Problem requirements
When you find the line with "毛羽が少なく、光沢感のある素" among the records below, reproduce it and each line after it exactly, ending with the line with "au bras gauche).".

The data
- Opening Delimiter -
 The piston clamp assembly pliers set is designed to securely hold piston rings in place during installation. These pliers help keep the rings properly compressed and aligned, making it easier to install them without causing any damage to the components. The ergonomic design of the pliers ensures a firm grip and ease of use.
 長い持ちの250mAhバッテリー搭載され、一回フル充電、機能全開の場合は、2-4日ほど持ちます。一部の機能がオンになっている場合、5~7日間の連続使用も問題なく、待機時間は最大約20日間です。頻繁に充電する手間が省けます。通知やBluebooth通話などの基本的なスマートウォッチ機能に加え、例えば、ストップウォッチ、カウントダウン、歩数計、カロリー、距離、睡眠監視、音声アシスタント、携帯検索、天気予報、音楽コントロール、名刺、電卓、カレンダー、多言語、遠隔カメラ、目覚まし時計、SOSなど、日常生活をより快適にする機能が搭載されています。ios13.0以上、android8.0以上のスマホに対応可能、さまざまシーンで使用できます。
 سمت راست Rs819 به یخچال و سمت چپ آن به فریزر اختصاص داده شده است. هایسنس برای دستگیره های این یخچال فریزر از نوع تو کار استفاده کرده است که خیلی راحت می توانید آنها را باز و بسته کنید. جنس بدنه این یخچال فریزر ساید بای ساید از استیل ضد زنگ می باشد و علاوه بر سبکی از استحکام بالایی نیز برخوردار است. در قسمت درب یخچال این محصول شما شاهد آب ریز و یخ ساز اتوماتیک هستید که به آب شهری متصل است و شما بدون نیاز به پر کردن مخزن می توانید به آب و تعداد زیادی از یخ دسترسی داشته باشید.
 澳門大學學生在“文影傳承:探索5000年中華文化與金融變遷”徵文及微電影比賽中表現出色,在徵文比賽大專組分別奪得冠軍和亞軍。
- Closing Delimiter -
- Opening Delimiter -
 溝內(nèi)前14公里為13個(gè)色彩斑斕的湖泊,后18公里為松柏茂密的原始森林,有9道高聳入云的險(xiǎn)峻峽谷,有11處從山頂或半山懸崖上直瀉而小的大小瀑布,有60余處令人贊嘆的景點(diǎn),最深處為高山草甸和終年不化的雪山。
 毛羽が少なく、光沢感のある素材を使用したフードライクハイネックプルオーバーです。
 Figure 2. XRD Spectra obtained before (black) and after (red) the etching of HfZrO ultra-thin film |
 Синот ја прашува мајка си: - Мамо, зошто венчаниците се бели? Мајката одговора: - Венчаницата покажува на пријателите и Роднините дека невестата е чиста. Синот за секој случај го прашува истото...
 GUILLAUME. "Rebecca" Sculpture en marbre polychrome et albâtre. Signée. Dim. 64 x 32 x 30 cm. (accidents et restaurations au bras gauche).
- Closing Delimiter -
Response to this exercise
 毛羽が少なく、光沢感のある素材を使用したフードライクハイネックプルオーバーです。
 Figure 2. XRD Spectra obtained before (black) and after (red) the etching of HfZrO ultra-thin film |
 Синот ја прашува мајка си: - Мамо, зошто венчаниците се бели? Мајката одговора: - Венчаницата покажува на пријателите и Роднините дека невестата е чиста. Синот за секој случај го прашува истото...
 GUILLAUME. "Rebecca" Sculpture en marbre polychrome et albâtre. Signée. Dim. 64 x 32 x 30 cm. (accidents et restaurations au bras gauche).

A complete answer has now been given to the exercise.